Moines dans une église gothique en ruines

En ce début de XIXe siècle, l’intérêt de plus en plus marqué pour le patrimoine malmené durant la période révolutionnaire suscite une nostalgie empreinte de lyrisme chez nombre d’artistes et d’auteurs. La concomitance entre le renouveau religieux auquel Châteaubriand contribue par son Génie du Christianisme et un goût particulier pour l’époque médiévale constitue de ce fait le ferment idoine à la réalisation des scènes de genres baignées d’historicité propres au mouvement « troubadour ». Principalement connu pour ses paysages et vues d’architectures comme celles peintes à la demande de Louis- Philippe pour Versailles, Charles-Caïus Renoux expose régulièrement au Salon de 1822 à 1843. Très vite ses vues d’intérieur ou de plein air agrémentées de petits personnages lui valent un grand nombre d’admirateurs dont le fondateur du musée de Cluny. Par ailleurs, son talent pour peindre la nature et les ruines va lui permettre de prendre part à la grande publication commencée en 1820 sous la direction du Baron Taylor, Voyages Pittoresques et Romantiques dans l’ancienne France, en collaborant au volume dédié à la Bretagne. Le tableau du musée de Grenoble révèle les vestiges d’une église gothique envahie d’une végétation sauvage dans laquelle le peintre introduit des pèlerins devant un tombeau, l’un avec le bourdon, bâton béni symbolisant la défense de la Foi, auquel est suspendu la calebasse remplie d’eau, l’autre vêtu de son pourpoint.

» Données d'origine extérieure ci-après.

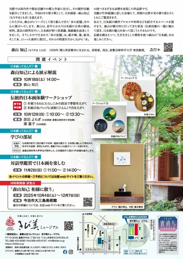 このたびは、森山がシリーズとして取り組んできた「水の記憶」を中心に展示されます。森山は、長年にわたり日本画の古典の描法、材料、道具の研究を行い、日本画が持つ美意識、価値観を追求してきました。そうした取り組みの中で生まれた「水の記憶」は、紙や絹、墨、絵具、そして水、といった素材に着目し、それらの特質を生かしながら「水」の持つさまざまな表情を表現した作品群です。同館の竹林庭園に面した会場にて、周囲の自然や光の移り変わりとともに鑑賞できます。
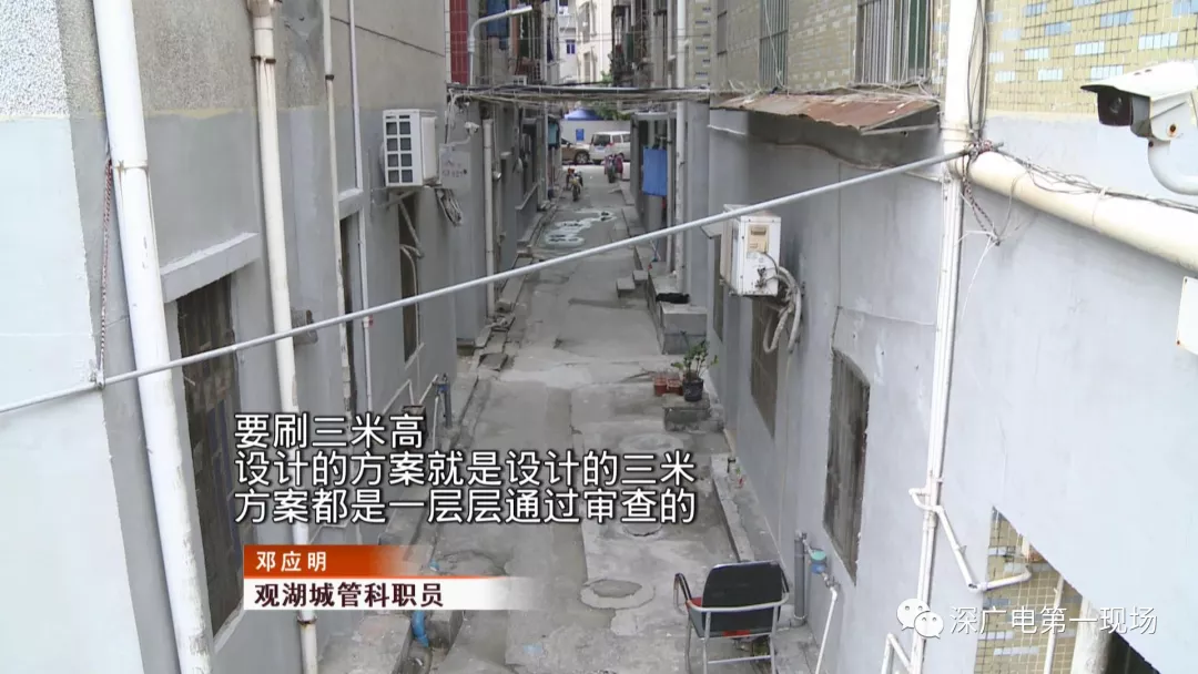 這里是龍華區(qū)觀湖街道辦福樓村里的城中村,這些居民樓的小巷子里,在這兩天來,有不少施工人員正在這里粉刷外墻。現(xiàn)場施工人員說,他們只刷房子的底下一層。
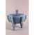 AN UNUSUAL CHINESE CELADON GLAZED BLUE PORCELAIN CENSER, with twin handles, body with archaic decoration, stood upon tripod elephant mask feet, 24.5cm x 27cm.
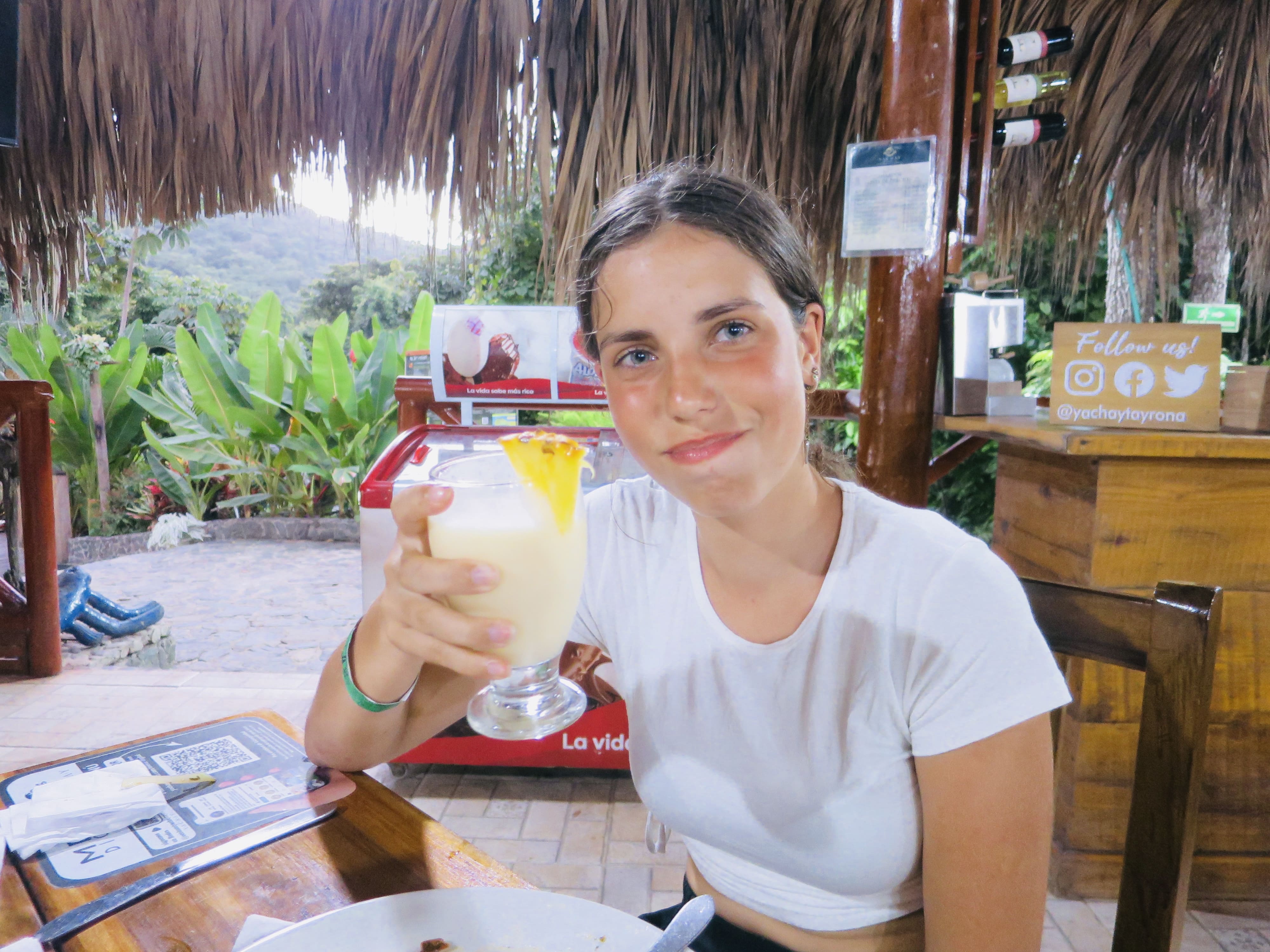 On fait le plein d’énergie avec un bon souper aux fruits de mer et un délicieux jugo de piña natural (les jus de fruits sont exceptionnels partout en Colombie!)
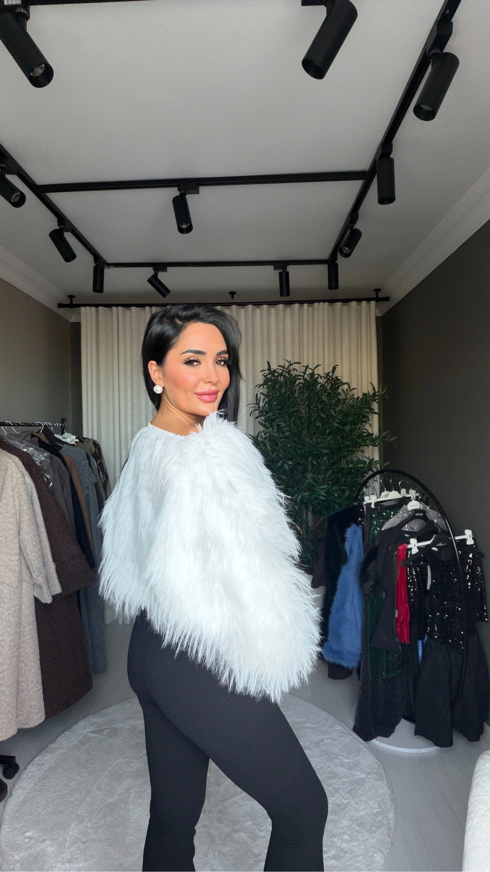 Suud Collection Ekru Vola Kısa Kürk Ceket – Sofistike ve trend kısa kürk parçası.
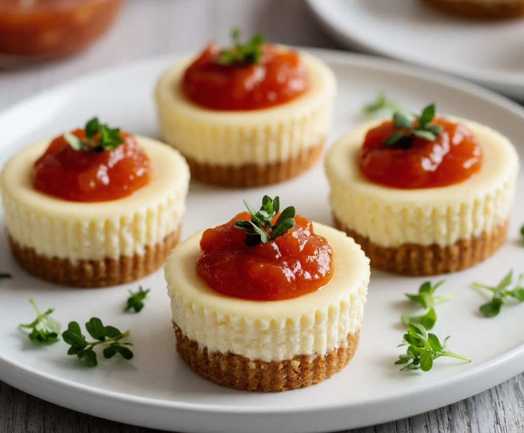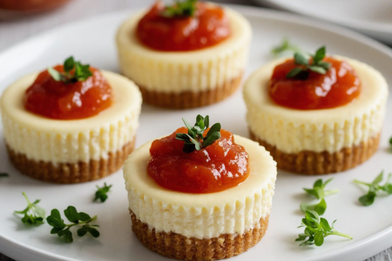 Беру сливочный сыр, пармезан и муку — и готовлю несладкие мини-чизкейки с томатным мармеладом, которые гости просят на каждом празднике. Это гениально простое и невероятно вкусное блюдо, идеальное для фуршета или уютного застолья. Его необычность в том, что соленая основа с ореховым вкусом и пряностями идеально сочетается с нежной сырной начинкой и кисло-сладким томатным мармеладом. Получается обалденная вкуснятина: хрустящая ароматная основа, бархатистый сливочный сыр с базиликом и пикантный мармелад, который подчеркивает все достоинства закуски. Гости были в восторге и наперебой просили рецепт.
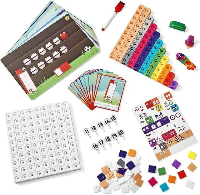 - Each set includes 155 MathLink Numberblocks Cubes, 52 faceplates, 44 stickers, 10 numberlings, 10 character cards, 15 double-sided Write 'N' Wipe Activity Cards, Fourteen's Skateboard and Helmet, Twenty's Top Hat, 1 write and wipe pen and 1 activity guide.
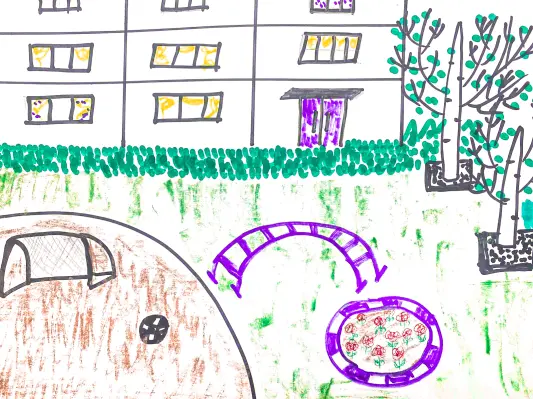 Рисунок передает атмосферу активности, спорта и детства. На нашей спортивной площадке главное место занимает футбольное поле с воротами, где я играю со своими сверстниками.
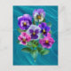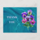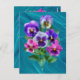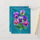 Colorido ramo de aquarela de violetas pensamientos sobre un fondo de aquarela azul teal y la inscripción GRACIAS en el reverso.
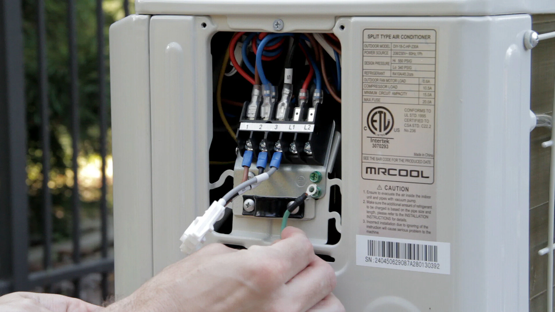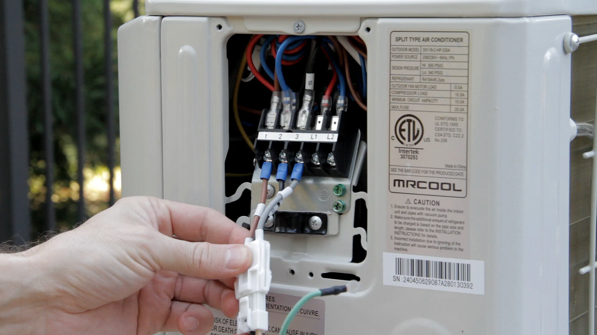 The not-so-DIY part of this mini-split is that an electrician is needed to run a new 120V or 240V circuit (depending on the unit) to the condenser. The wiring connection to the unit itself is pretty simple and the only other thing that needs to be done is to plug in the wiring harness from the indoor unit to the connector on the condenser and connect the ground wire.
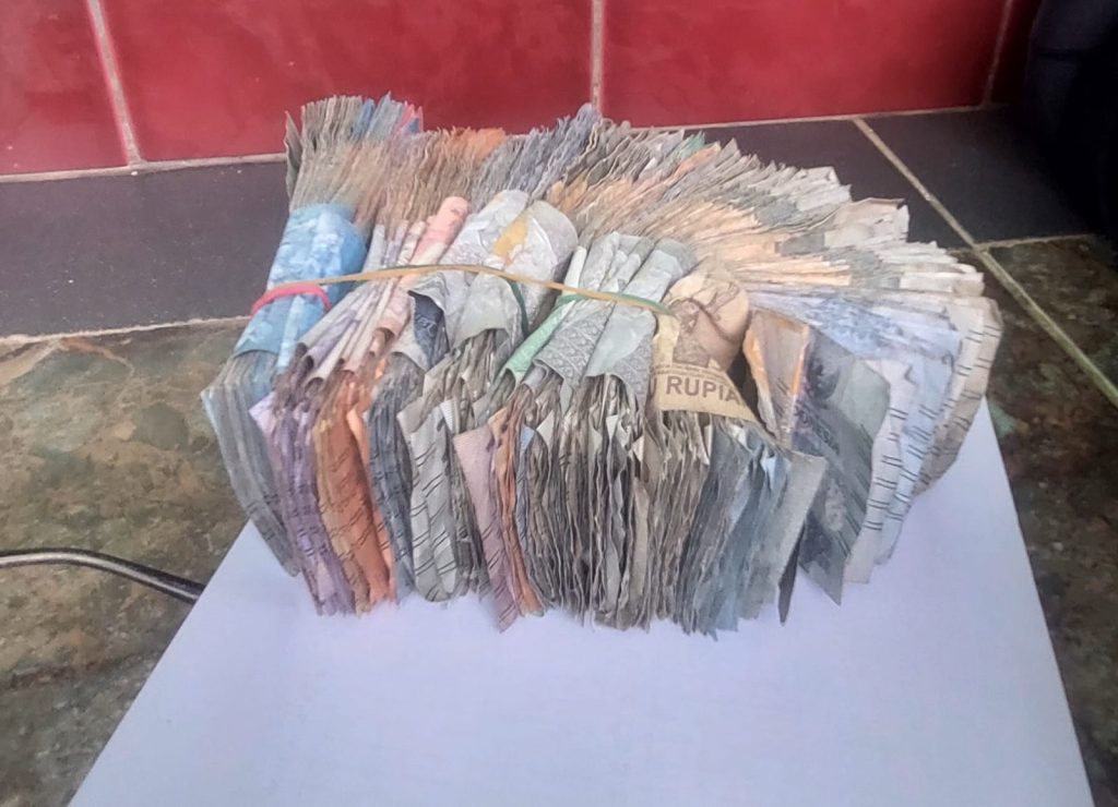 Sedang yang berbentuk kupu-kupu itu unik. Sebagian tim yang menghitung menyebut, itu uang  gaya pedagang zaman dulu. Justru, ada yang bercanda agak magic. “Mungkin untuk penglaris. Jadi uangnya dibentuk-bentuk. Atau kreasi ultah,” kelakar bapak-bapak yang membuat suasana penghitungan jadi segar
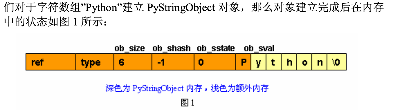 [stringobject.h]typedef struct {PyObject_VAR_HEADlong ob_shash; // 缓存该对象的 HASH 值,初始-1int ob_sstate; // 是否使用intern(共享短字符串)机制char ob_sval[1]; // char[]也是以'\0'结尾的,但因为size的存在其中间其实是可以出现'\0'的} PyStringObject;
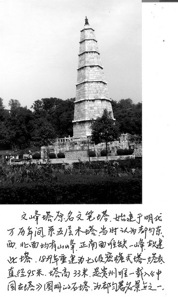 7月4日。根据前一天晚上对地图的“精心”研究和对贵州、广西地形的了解,计划这天可以骑出贵州省到广西南丹一带住下。哪知“计划不如变化”,可能是前两天100多公里的骑行,一早起来双腿的肌肉犹如被拉伤一般剧烈的疼痛,连迈步都非常困难,走起路来就像京剧舞台上迈着台步的小生。臀部一碰自行车坐垫也钻心的疼,根本就无法骑车。面对这种情况,自己不由得犹豫起来,但回头一想,难道就此打道回府、放弃这次“宏伟”的计划?不甘心啊!两年多的准备,几天来痛苦的挣扎,随着踏上回头路不就彻底付之东流了。最后还是决定调整行程:上午在都匀稍事休息,游览了当地的著名景点“文峰塔”,(如图1)于下午2点过钟出发前往第三站:独山。
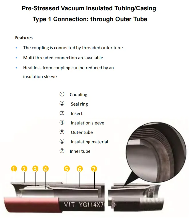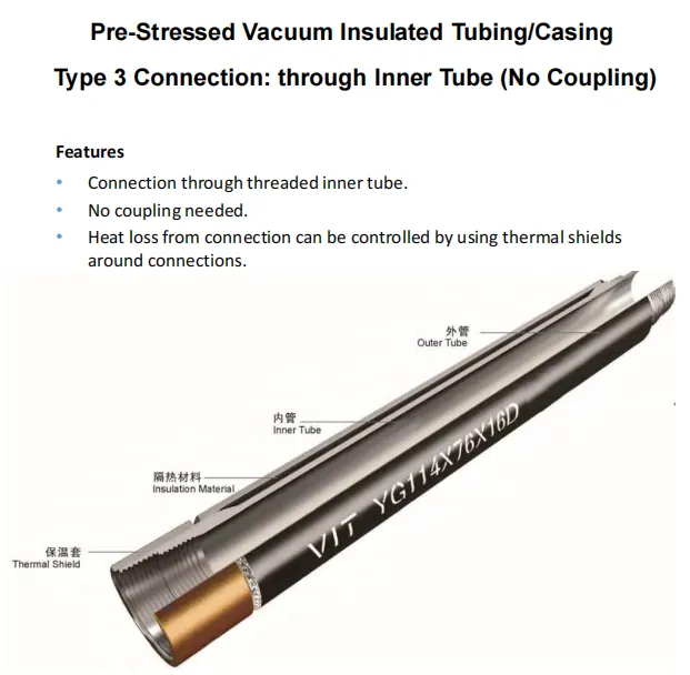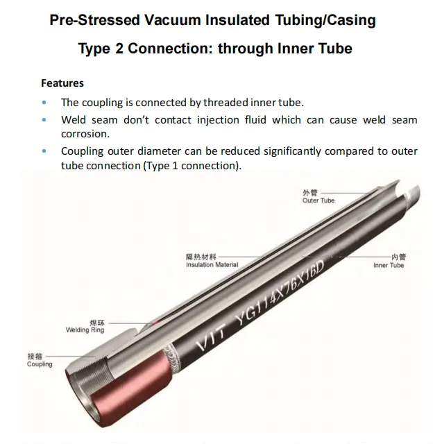 The Pre-stressed Vacuum Insulated Tubing/Casing is innovative Tubing/Casing for thermal recovery of heavy oil or bitumen. It is used in Steam Assisted Gravity Drainage (SAGD) and In Cyclic Steam Stimulation (CSS). It reduces the heat loss of the high temperature steam during injection phase. And keep oil hot during production phase. The build-in pre-stress feature can compensate the thermal stress on tubing/casing induced from hot steam, prevent the casing and cement mantle damage from high temperature, and increase tubing casing service life.
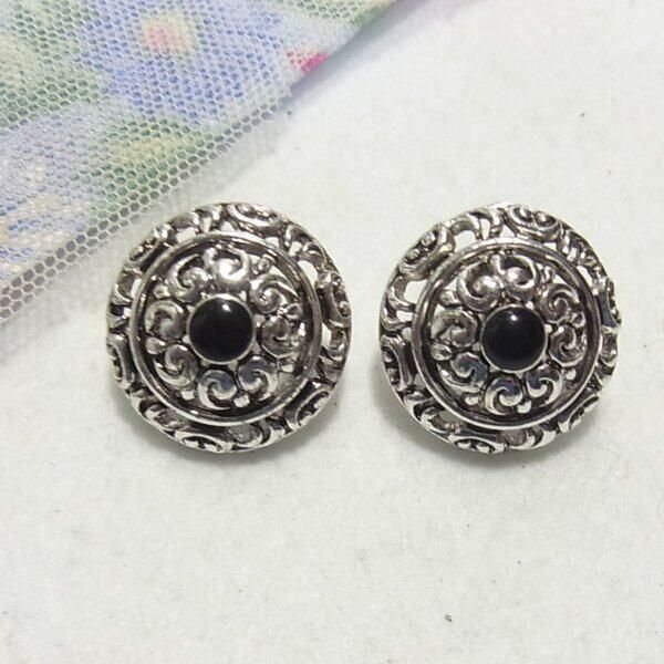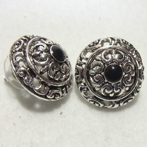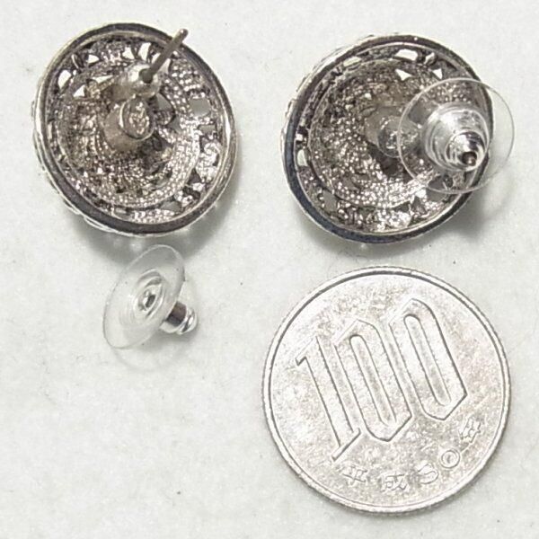 彫り模様のあるドーム形ラウンドピアス オールドストック品 E4709P
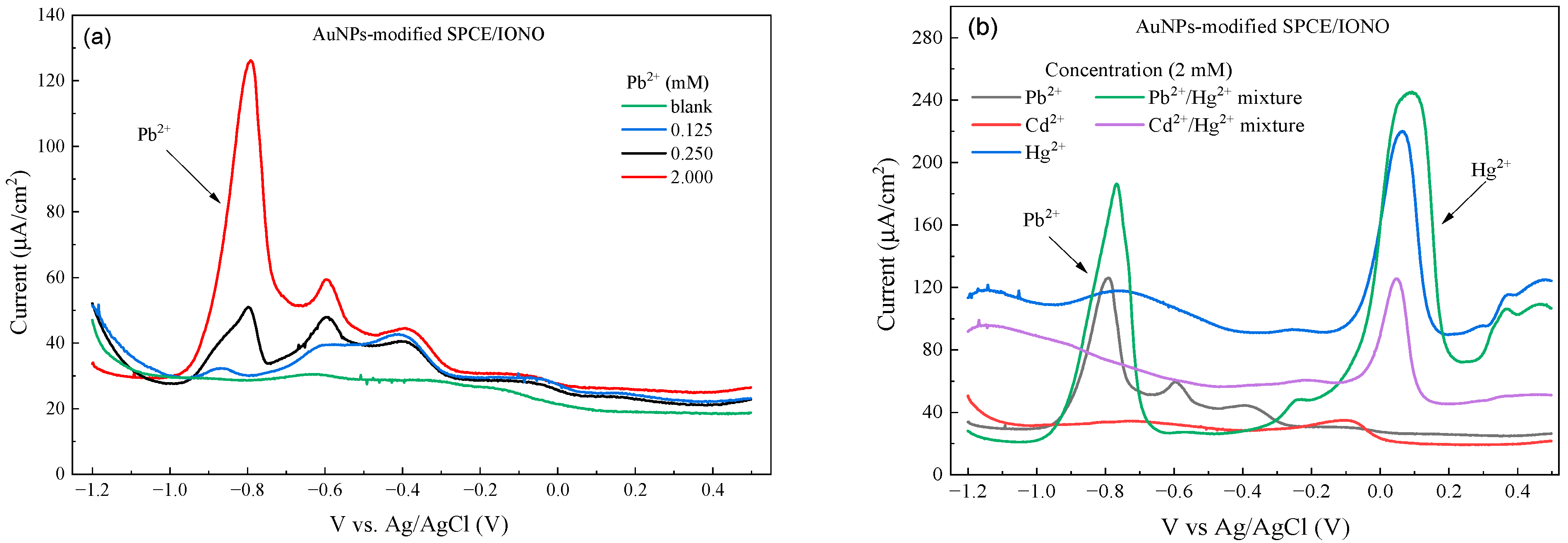 - Pan, D.; Wang, Y.; Chen, Z.; Lou, T.; Qin, W. Nanomaterial/Ionophore-Based Electrode for Anodic Stripping Voltammetric Determination of Lead: An Electrochemical Sensing Platform toward Heavy Metals. Anal. Chem. 2009, 81, 5088–5094. [Google Scholar] [CrossRef]

Les deux personnages sont judicieusement mis en valeur par la pointe de l’ombre triangulaire que l’artiste a fait naître sur le sol de la droite vers la gauche. Le monde terrestre ainsi mis en forme, le regard se porte naturellement vers l’arrière-plan, monde céleste baigné de lumière qui s’ouvre sur une nature sauvage animée de petits personnages. Au-delà de la vision symbolique de la nature et de l’esprit, il se dégage de cette œuvre une poésie délicate caractéristique de l’esprit « troubadour » dont Renoux est l’un des acteurs les plus marquants.